# Burden of Treatment in Children and Adolescents With Type 1 Diabetes Evaluated by Focus Groups

**Authors:** Sophie Le Fur, Iva Gueorguieva, Kevin Perge, Fatiha Guémazi, Nathalie Frament, Natacha Bouhours-Nouet, Berthe Razafimahefa, Pascale Trioche-Eberschweiler, Ramona Nicolescu, Patricia Pigeon-Kherchiche, Fabienne Dalla Vale, Claire Rodet, Alice Bonin, Nadège Bourvis, Pierre Bougnères

PMC · DOI: 10.1155/pedi/8833434 · 2025-06-12

## TL;DR

This study identifies the treatment burdens faced by children and teens with type 1 diabetes through focus groups, revealing key concerns that could improve treatment adherence and quality of care.

## Contribution

The study introduces a new method to quantify treatment burden using focus group-derived concerns specific to pediatric type 1 diabetes patients.

## Key findings

- 3640 verbatim statements were analyzed to extract 24 main concerns about treatment burden.
- Concerns were categorized into physical/material/care organization (15) and psychological (9) types.
- Gender significantly influenced the concerns expressed (p=0.002).

## Abstract

Objective: Taking into account the burden of treatment (BOT) should favor psychological fulfillment and adherence of young patients to treatment, which largely determines the quality of type 1 diabetes (T1D) control. To identify BOT components, the Ariane study carried out a focus group survey among 84 children and adolescents with T1D aged 12.6 ± 3.7 years.

Research Design and Methods: Focus groups were organized in 10 pediatric diabetes centers, a qualitative research method that brings together a small group of patients to express their perception of treatment and answer questions in a moderated nonmedical setting.
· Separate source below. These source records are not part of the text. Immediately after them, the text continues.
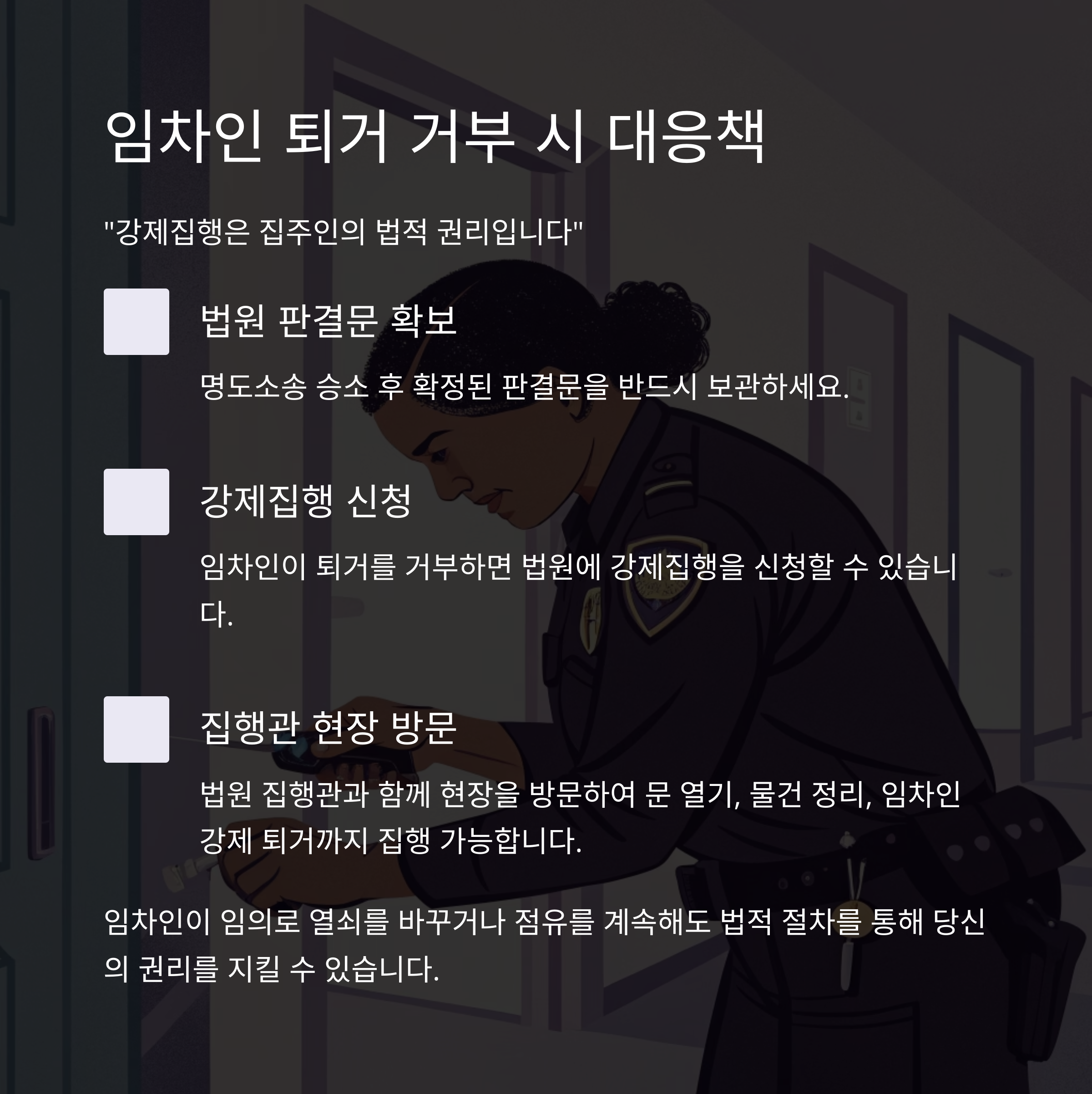 | 강제집행 진행 | 법원 집행관이 열쇠 교체·물품 정리 진행 |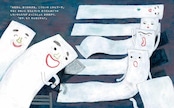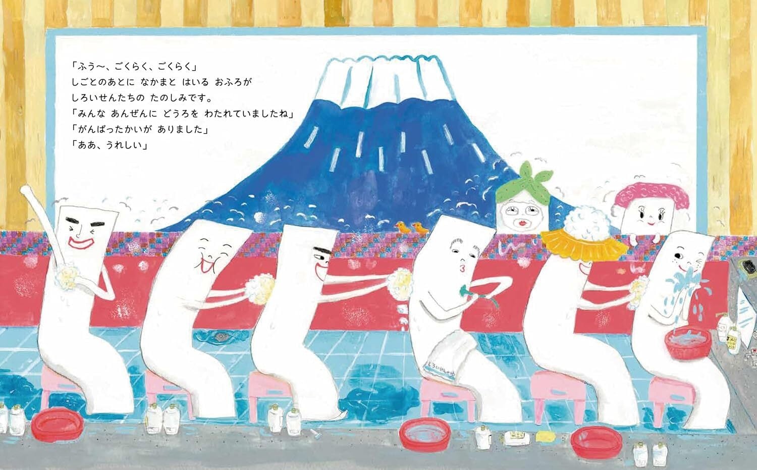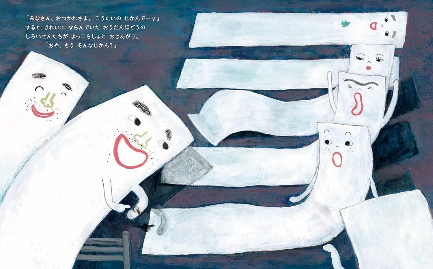 すると綺麗に並んでいた横断歩道の白い線たちが起き上がります。そう、交代の時間です。仕事を終えた白い線たちは、今日起こった出来事などを話しながら銭湯へ出かけます。仕事の後に仲間と入るお風呂が楽しみなのです。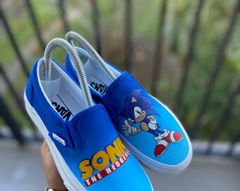 Custom Sonic The Hedgehog Kids Vans Slip On Shoes Vans Slip On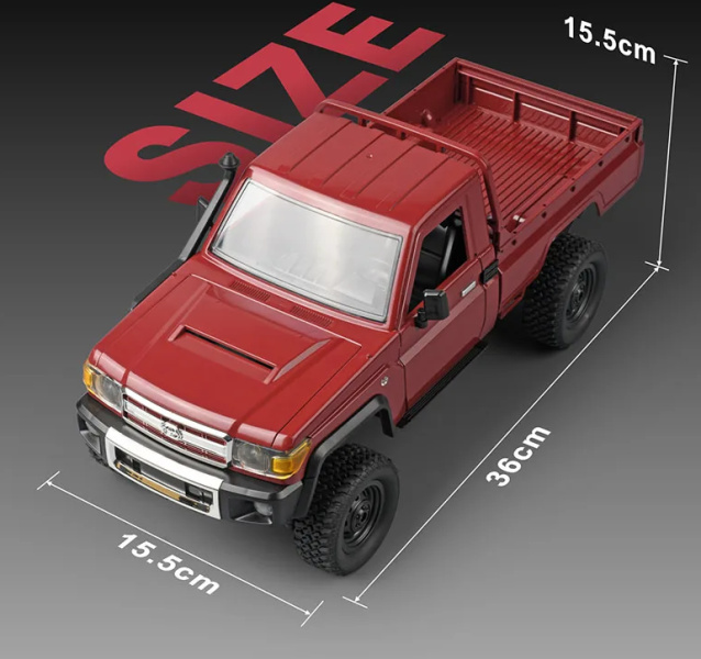 RC auto Land Cruiser TOYOTA 1/12Velmi precizně zpracovaný model na dálkové ovládání je pick-up licencovaný firmou Toyota. Vyrobený je z kvalitního a odolného plastu. Design je vyladěný do posledního detailu včetně interiéru kabiny. Auto s korbou můžete využít k pomalé jízdě terénem nebo převážení materiálu či plyšových kamarádů. Zadní strana korby se dá ručně sklopit pro usnadnění vykládky.Skvělé jízdní vlastnostiTrialové auto na dálkové ovládání Toyota nemá příliš vysokou rychlost, ale za to má sílu. Jízda v náročném terénu je pro něj to ideální prostředí a plně proporcionální řízení je opravdový zážitek. Pohybuje se rychlostí cca 8 km/h a přepínat můžete mezi rychlejším a pomalejším modem, kdy je rychlost cca 3 km/h. S pohonem 4x4 si poradí i se stoupáním pod úhlem 46 °. Světlá výška vozu je 40 mm. Měkké pneumatiky na kolech o průměru 62 mm vám zajistí skvělou trakci.Intuitivní dálkové ovládáníPistolový ovladač vám padne do ruky, ovládání s ním je snadné a intuitivní. Funguje na frekvenci 2,4 GHz, takže se nemusíte bát, že by se vám modely vzájemně rušily. Potřebujete do něj 2 x AA baterie. Díky trimrům se dá model bez problémů seřizovat. Zapnout či vypnout můžete přední LED osvětlení. Pod kapotou je ukrytý nabíjecí akumulátor Li-ion 7,4 V 500 mAh, díky kterému je doba jízdy cca 30 minut. Nabijete ho přiloženou USB nabíječkou. Pokud byste si chtěli dobu jízdy prodloužit, je možné zakoupit náhradní silnější akumulátor s kapacitou 1200 mAh nebo akumulátor s kapacitou 2500 mAh.Součástí jsou i samolepky, můžete si tak model odekorovat podle představ. Obsah balení: RC pick-up Toyota Dálkové ovládání Akumulátor 500 mAh Akumulátor 2500 mAh USB nabíječka Samoplepky Technické parametry: Měřítko: 1/12 Konstrukce auta: crawler Délka auta: 36 Šířka auta: 15.5 Výška auta: 15.5 Auto je vhodné na ven: ano Barva: červená Auto je vhodné do interiéru: ano Typ motorů v autě: stejnosměrné Rychlost auta: 8 Kapacita akumulátoru v autě: 2500 Napětí akumulátoru v autě: 7.4 Typ akumulátoru do auta: Li-ion Typ nabíječky: USB Výměnný akumulátor v autě: ano Napájení ovladače k autu: 2xAA Doba jízdy auta: 110 Dosah ovládání auta: 100 Frekvence ovládání RC auta: 2,4Ghz Konstrukce ovladače k autu: Pistolový Plynulá regulace rychlosti: ano Plynulá řízení zatáčení: ano Voděodolnost (stříkající voda): ano Vodotěsnost (potopení): ne

Results: A total of 3640 verbatim voicing children's concerns were recorded, transcribed, and analyzed by five working groups composed of pediatric diabetologists, specialized nurses, adults with childhood-onset T1D, and two groups from the civil society. Each group studied the verbatim separately to extract 24 main concerns summarizing BOT. These concerns fell into two distinct categories: concerns about physical, material, and care organization (N = 15) or psychological concerns (N = 9). A BOT score summed the number of concerns of each patient. The mean BOT score was 7.4 ± 3.3 (range 1–18). Gender had a prominent influence on concerns (p=0.002).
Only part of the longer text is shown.